In an increasingly fragmented and polarized world, the intricate relationship between socio-economic factors and security is coming to the forefront.
In an increasingly fragmented and polarized world, the intricate relationship between socio-economic factors and security is coming to the forefront. Whether it's the uptick in violent crime across both urban and rural America or the escalating rates of shoplifting and theft in out-of-town shopping malls in the UK, a complex web of economic pressures, labor shortages, and government spending cuts is exacerbating vulnerabilities.
In sectors ranging from retail to critical infrastructure, organizations are grappling with new challenges that demand innovative, technology-driven solutions. This article delves into the multi-dimensional impact of socio-economic conditions on security, offering a comprehensive look at the evolving landscape.
The impact of socio-economic factors on security
In the US, a more politically polarized and economically divided population has experienced an increase in tension, violence, and gun crime. These problems are not limited to cities; shootings are spreading further out and into rural America. Recent research published in the journal SAMA Surgery shows a 25 percent increase compared to the previous 10 years.
"Across much of the world, cost-of-living and inflationary pressures are resulting in increased inequality and more crime, including shoplifting, theft, fraud, and domestic burglary," said Jamie Barnfield, Senior Sales Director at IDIS Europe. "Staff shortages are also affecting businesses' security postures in both urban and rural communities, as it becomes harder to recruit and retain workers in many sectors, including retail and security.

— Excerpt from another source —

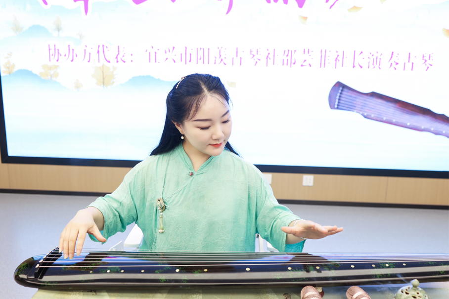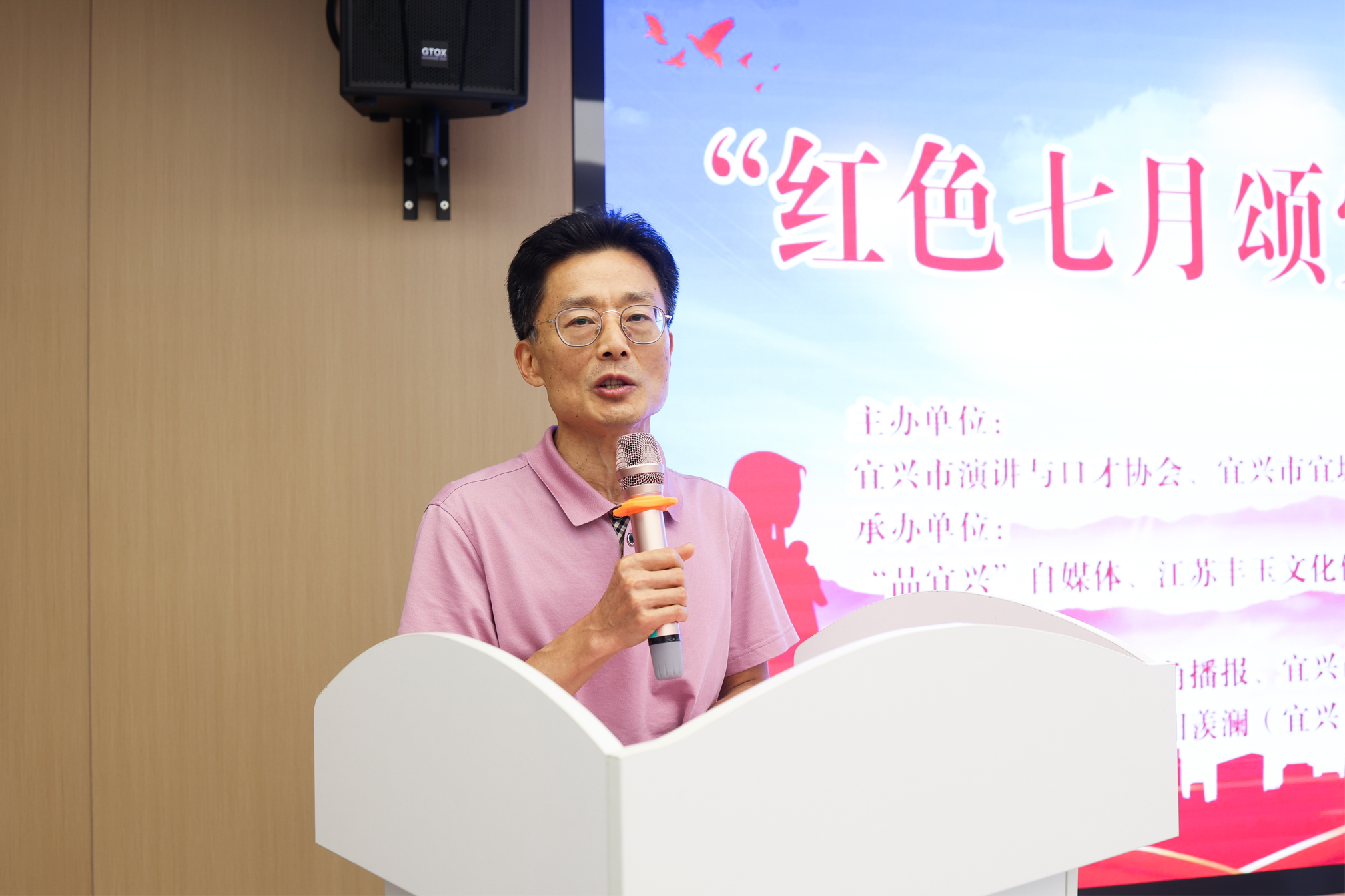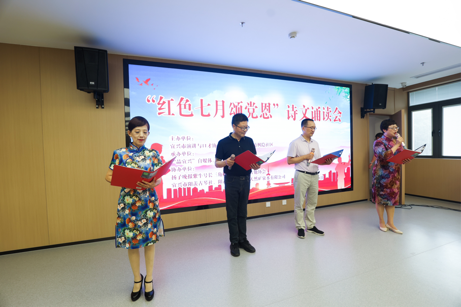 “红色七月颂党恩”诗文朗读会上,各位演讲与口才协会的朗诵爱好者用真挚的情感、生动的语言、饱满的热情,生动演绎了《史砚芬烈士写给弟弟妹妹的诀别信》《我的祖国》《我幸福我是宜兴人》《我的根在中国》等诗歌作品,表达了宜兴人民一心向党、永远跟党走的坚定信心和决心,抒发了对立足新时代、展现新作为的热烈向往,赢得了现场观众的阵阵掌声。协办单位代表,宜兴市阳羡古琴社社长邵芸菲女士舒缓的古琴演奏《半山听雨》,为炎炎夏日的活动增添了几许清凉意境。

Urban areas are more impacted due to larger populations and a higher density of retail outlets, but in the UK, out-of-town shopping malls have also seen a large jump in crime figures."
Concerns of spending cuts
Post-COVID pressures on labor and government spending cuts have led to poor law enforcement responses to lower-level crime in many countries. With fewer prosecutions, there is evidence of more repeat offending, and opportunists are more willing to take greater risks as they are less likely to face the full force of the law or courts.
Retail, in particular, has seen a significant increase in verbal and physical assaults against staff, especially when they intervene to prevent crime or request ID for alcohol or tobacco purchases.
"Reduced police presence in the UK has led to a rise in street crime, including mobile phone theft, vandalism, and antisocial behavior," Barnfield said. "Despite recent government pledges to tackle the problem, there are currently vacancies for thousands of police detectives. This makes investigations and prosecutions less likely for lower-level crime, leading to businesses, particularly retailers, being less likely to report such crimes."
Rise of custom monitoring and analytics
Globally, most spending on crime prevention is occurring in sectors such as retail, education, hotels, logistics centers, critical infrastructure, including data centers, and traditional utilities. Investments are being made in both rural and urban settings. There is no one-size-fits-all solution, but common trends include the use of strategically positioned high-definition cameras to cover areas where crime is most prevalent.
In the US, companies are increasingly turning to highly customized 24/7/365 monitoring and virtual guarding services. This addresses the problem of security staff shortages and the rising costs of a 24/7 manned presence while ensuring rapid response capability.
"Using AI-powered analytics, our monitoring partners can configure alerts and alarms based on each site's location and risk profile," said Barnfield. "For example, an intruder in a parking lot at night in an urban area may be a relatively harmless vagrant looking for cigarette butts or recyclables and can be easily warned off with audio. Conversely, in a usually quiet rural area, a human presence may pose a greater threat that needs to be escalated."
Smaller retail stores and offices are turning to edge AI cameras or add-on AI box devices to enable a more proactive and preventative approach. These upgrade options provide the flexibility to focus deep learning analytics on high-risk areas without needing to upgrade cameras or software.
In conclusion, the impact of socio-economic factors on security is both pervasive and complex, transcending geographical boundaries and industries. The increasing economic disparity, labor shortages, and reduced government spending are causing ripples that manifest as heightened crime rates and security challenges.
Traditional approaches are giving way to more customized and technologically advanced solutions, such as 24/7 monitoring and AI-powered analytics, to adapt to these evolving threats.
However, there is no one-size-fits-all answer. The road ahead necessitates a multi-faceted strategy, combining advancements in technology with substantive socio-economic reforms. Only by addressing the root causes can we hope to build more resilient systems and communities where security is not a privilege but a right accessible to all.